• _WORK REQUEST_
The answer must consist of each line below that holds the word "were", copied as it stands.

========================

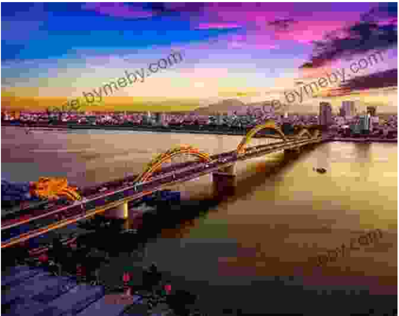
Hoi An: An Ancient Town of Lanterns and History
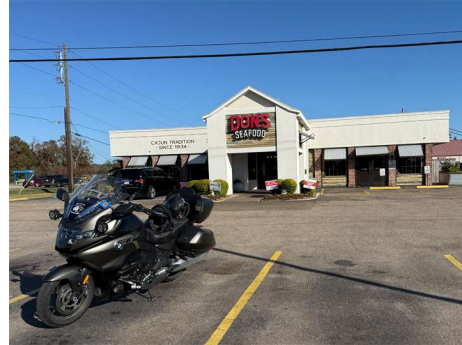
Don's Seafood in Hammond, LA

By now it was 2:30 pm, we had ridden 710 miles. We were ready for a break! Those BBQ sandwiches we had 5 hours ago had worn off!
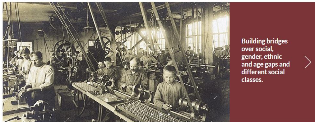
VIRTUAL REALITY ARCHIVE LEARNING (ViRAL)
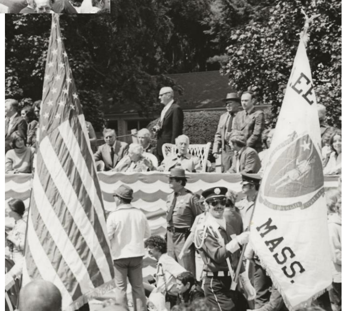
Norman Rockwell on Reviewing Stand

========================

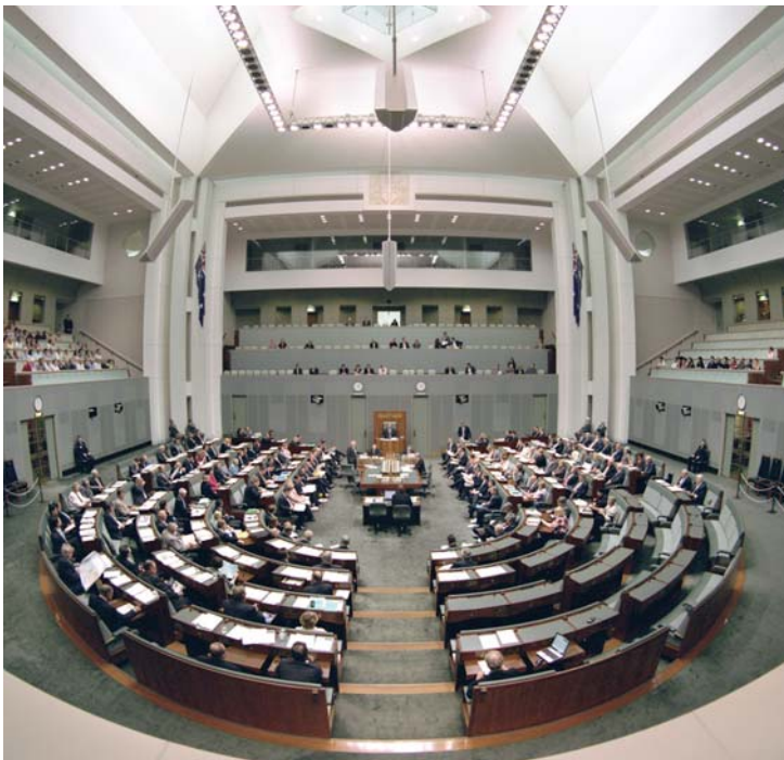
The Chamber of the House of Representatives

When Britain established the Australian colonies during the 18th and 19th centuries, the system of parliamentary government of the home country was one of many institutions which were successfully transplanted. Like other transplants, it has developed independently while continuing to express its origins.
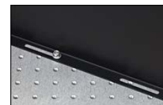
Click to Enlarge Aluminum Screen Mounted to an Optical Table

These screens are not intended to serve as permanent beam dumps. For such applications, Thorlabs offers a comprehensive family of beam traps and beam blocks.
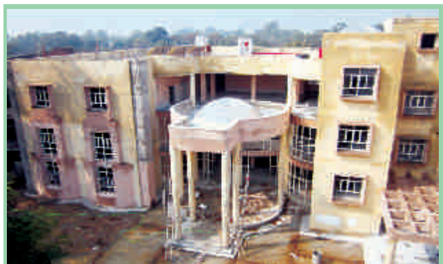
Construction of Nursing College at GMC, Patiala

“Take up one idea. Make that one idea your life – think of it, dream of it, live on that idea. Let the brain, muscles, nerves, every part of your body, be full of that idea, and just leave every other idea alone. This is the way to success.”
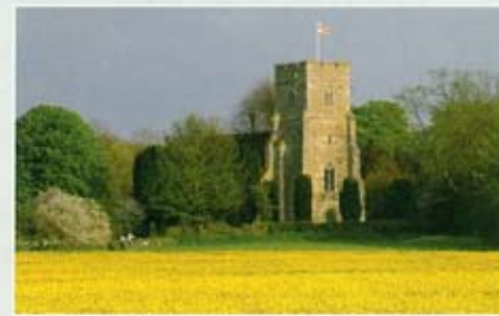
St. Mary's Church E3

========================

• _RESULT FOR THIS TASK_
By now it was 2:30 pm, we had ridden 710 miles. We were ready for a break! Those BBQ sandwiches we had 5 hours ago had worn off!
When Britain established the Australian colonies during the 18th and 19th centuries, the system of parliamentary government of the home country was one of many institutions which were successfully transplanted. Like other transplants, it has developed independently while continuing to express its origins.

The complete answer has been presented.